___ Stored data

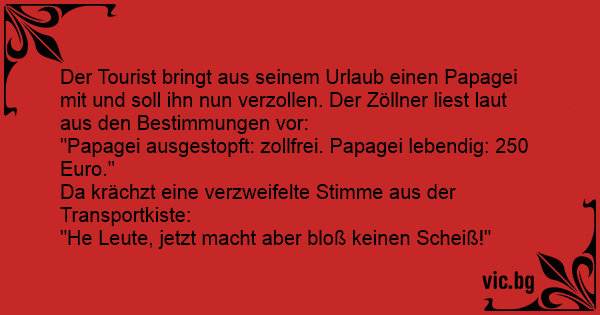 Der Tourist bringt aus seinem Urlaub einen Papagei mit und soll ihn nun verzollen. Der Zöllner liest laut aus den Bestimmungen vor:
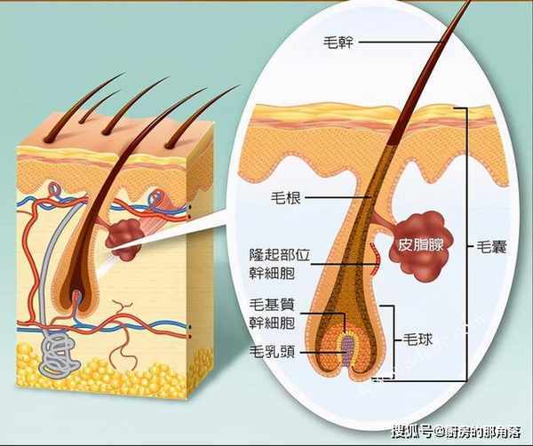 人的身體共有約500萬個毛囊,其中100萬分佈在頭部,10萬至15萬個位於頭皮。毛囊為包裹在毛髮根部周圍的鞘狀結構,由內至外分為內毛根鞘、外毛根鞘及纖維鞘構成。簡單通俗一點地講,就是每個毛囊裡面有一群毛囊幹細胞,是一個相當複雜的"迷你組織"。這些毛囊幹細胞,能不斷分裂給生長中的毛囊提供源源不斷的細胞,這些新細胞可以分化為毛髮、皮脂腺、黑色素細胞、平滑肌細胞等,具有多重分化的潜能。
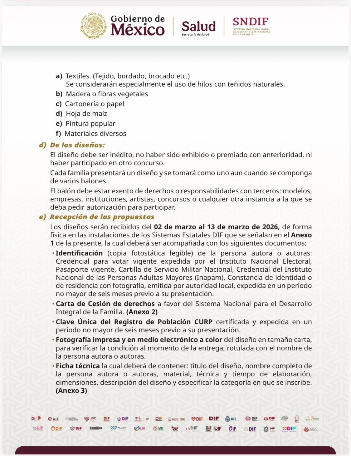 El director general del SEDIF, Jorge Erik Alquicira Cedillo, explicó que las propuestas deberán entregarse de manera física del 02 al 13 de marzo de 2026 en las instalaciones del SEDIF, ubicadas en calle Las Quintas número 15, colonia Cantarranas en Cuernavaca, y cumplir con los documentos establecidos en la convocatoria del Sistema Nacional DIF (SNDIF).
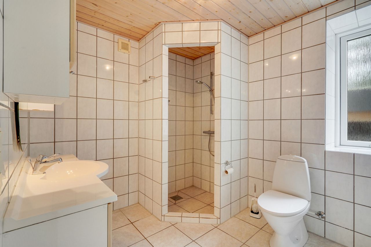 Fordelingsgangen fører endvidere til et rigtig dejligt badeværelse med fliser fra gulv til loft samt stor bruseniche. Der er naturligvis gulvvarme.
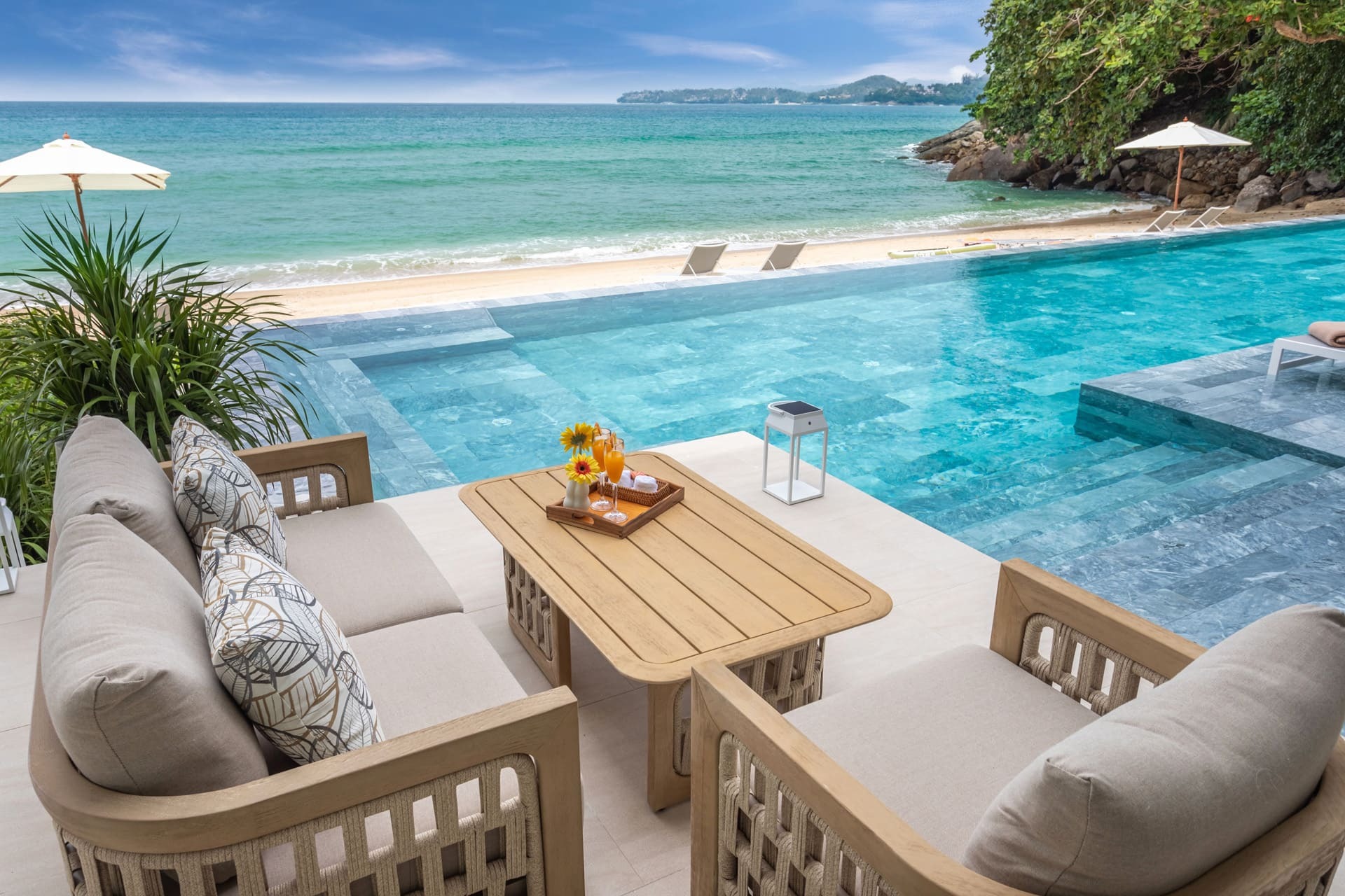 The villa is located on the beachfront in Kamala, overlooking the Andaman Sea, on the west coast of Phuket. The setting offers direct beach access and panoramic sunset views.
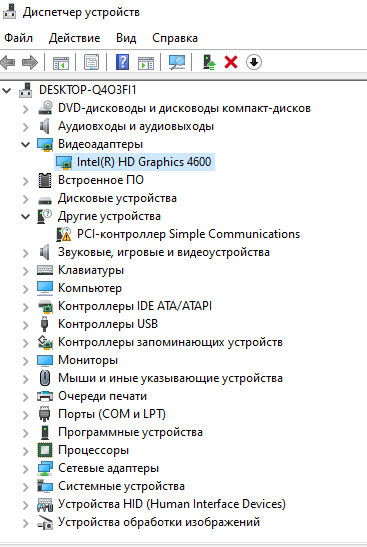 Видеокарта: Intel(R) HD Graphics 4600
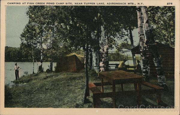 Front: CAMPING AT FISH CREEK POND CAMP SITE, NEAR TUPPER LAKE, ADIRONDACK MTS., N.Y. 275 Back: Santway Photo-Craft Company, Watertown, N.Y. Message Only 2.00 PHOTO-COLOR HERE

______

**Task instructions**
If an entry holds a picture, leave the picture out and repeat the rest exactly.

**The completed task**
 Der Tourist bringt aus seinem Urlaub einen Papagei mit und soll ihn nun verzollen. Der Zöllner liest laut aus den Bestimmungen vor:
 人的身體共有約500萬個毛囊,其中100萬分佈在頭部,10萬至15萬個位於頭皮。毛囊為包裹在毛髮根部周圍的鞘狀結構,由內至外分為內毛根鞘、外毛根鞘及纖維鞘構成。簡單通俗一點地講,就是每個毛囊裡面有一群毛囊幹細胞,是一個相當複雜的"迷你組織"。這些毛囊幹細胞,能不斷分裂給生長中的毛囊提供源源不斷的細胞,這些新細胞可以分化為毛髮、皮脂腺、黑色素細胞、平滑肌細胞等,具有多重分化的潜能。
 El director general del SEDIF, Jorge Erik Alquicira Cedillo, explicó que las propuestas deberán entregarse de manera física del 02 al 13 de marzo de 2026 en las instalaciones del SEDIF, ubicadas en calle Las Quintas número 15, colonia Cantarranas en Cuernavaca, y cumplir con los documentos establecidos en la convocatoria del Sistema Nacional DIF (SNDIF).
 Fordelingsgangen fører endvidere til et rigtig dejligt badeværelse med fliser fra gulv til loft samt stor bruseniche. Der er naturligvis gulvvarme.
 The villa is located on the beachfront in Kamala, overlooking the Andaman Sea, on the west coast of Phuket. The setting offers direct beach access and panoramic sunset views.
 Видеокарта: Intel(R) HD Graphics 4600
 Front: CAMPING AT FISH CREEK POND CAMP SITE, NEAR TUPPER LAKE, ADIRONDACK MTS., N.Y. 275 Back: Santway Photo-Craft Company, Watertown, N.Y. Message Only 2.00 PHOTO-COLOR HERE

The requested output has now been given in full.